Re: [syzbot] [net?] INFO: task hung in tls_sw_sendpage (3)

From: Eric Dumazet
Date: Tue Feb 28 2023 - 06:25:20 EST


On Tue, Feb 28, 2023 at 12:53 AM Jakub Kicinski <kuba@xxxxxxxxxx> wrote:
>
> On Mon, 27 Feb 2023 21:35:41 +0100 Eric Dumazet wrote:
> > This looks suspicious to me
> >
> > commit 79ffe6087e9145d2377385cac48d0d6a6b4225a5
> > Author: Jakub Kicinski <kuba@xxxxxxxxxx>
> > Date: Tue Nov 5 14:24:35 2019 -0800
> >
> > net/tls: add a TX lock
> >
> >
> > If tls_sw_sendpage() has to call sk_stream_wait_memory(),
> > sk_stream_wait_memory() is properly releasing the socket lock,
> > but knows nothing about mutex_{un}lock(&tls_ctx->tx_lock);
>
> That's supposed to be the point of the lock, prevent new writers from
> messing with the partially pushed records when the original writer
> is waiting for write space.
>
> Obvious hack but the async crypto support makes TLS a bit of a mess :|
>
> sendpage_lock not taking tx_lock may lead to obvious problems, I'm not
> seeing where the deadlock is, tho..
>

This report mentions sendpage, but sendmsg() would have the same issue.

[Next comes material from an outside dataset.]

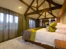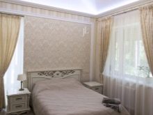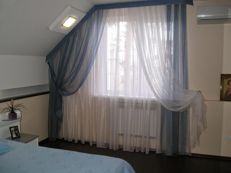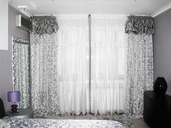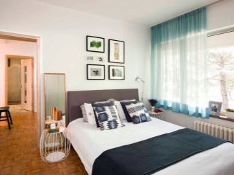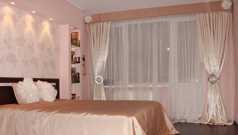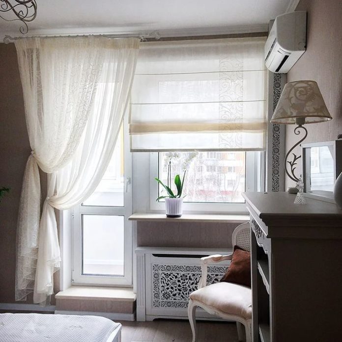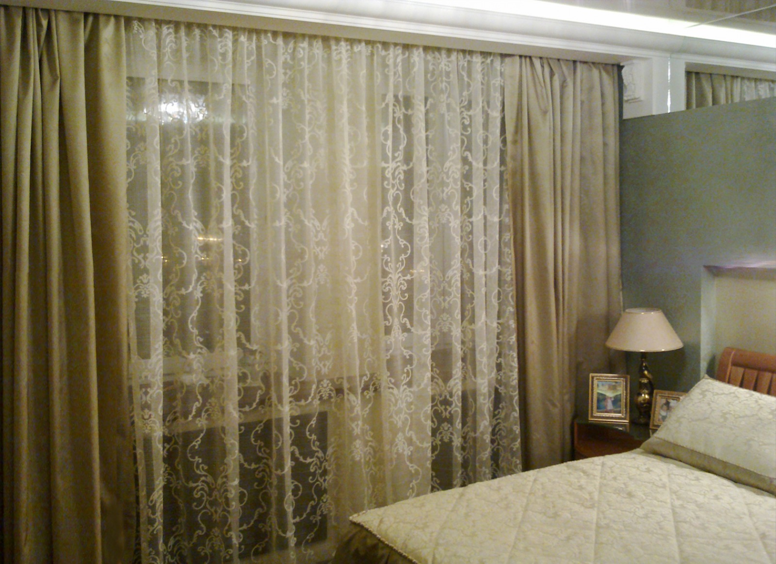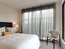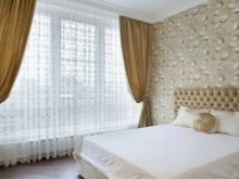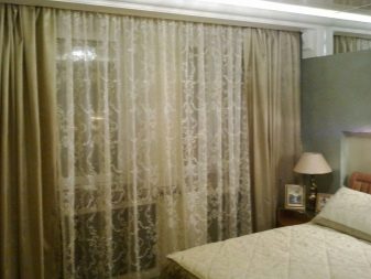 Ao decorar janelas, você precisa se lembrar da funcionalidade da sala e, com isso em mente, selecione os parâmetros da tela e o esquema de cores. Nas áreas de dormir, é muito importante criar o ambiente mais relaxante e calmo, mantendo a privacidade absoluta. À noite, cortinas serão as responsáveis por isso, de dia - tule claro.

A thread might be blocked in sk_stream_wait_memory() with the mutex
held, for an arbitrary amount of time,
say if the remote peer stays in RWIN 0 for hours.

This prevents tx_work from making progress, and
tls_sw_cancel_work_tx() would be stuck forever.

The consensus is that the kernel shouts a warning if a thread has been
waiting on a mutex
more than 120 seconds (check_hung_uninterruptible_tasks())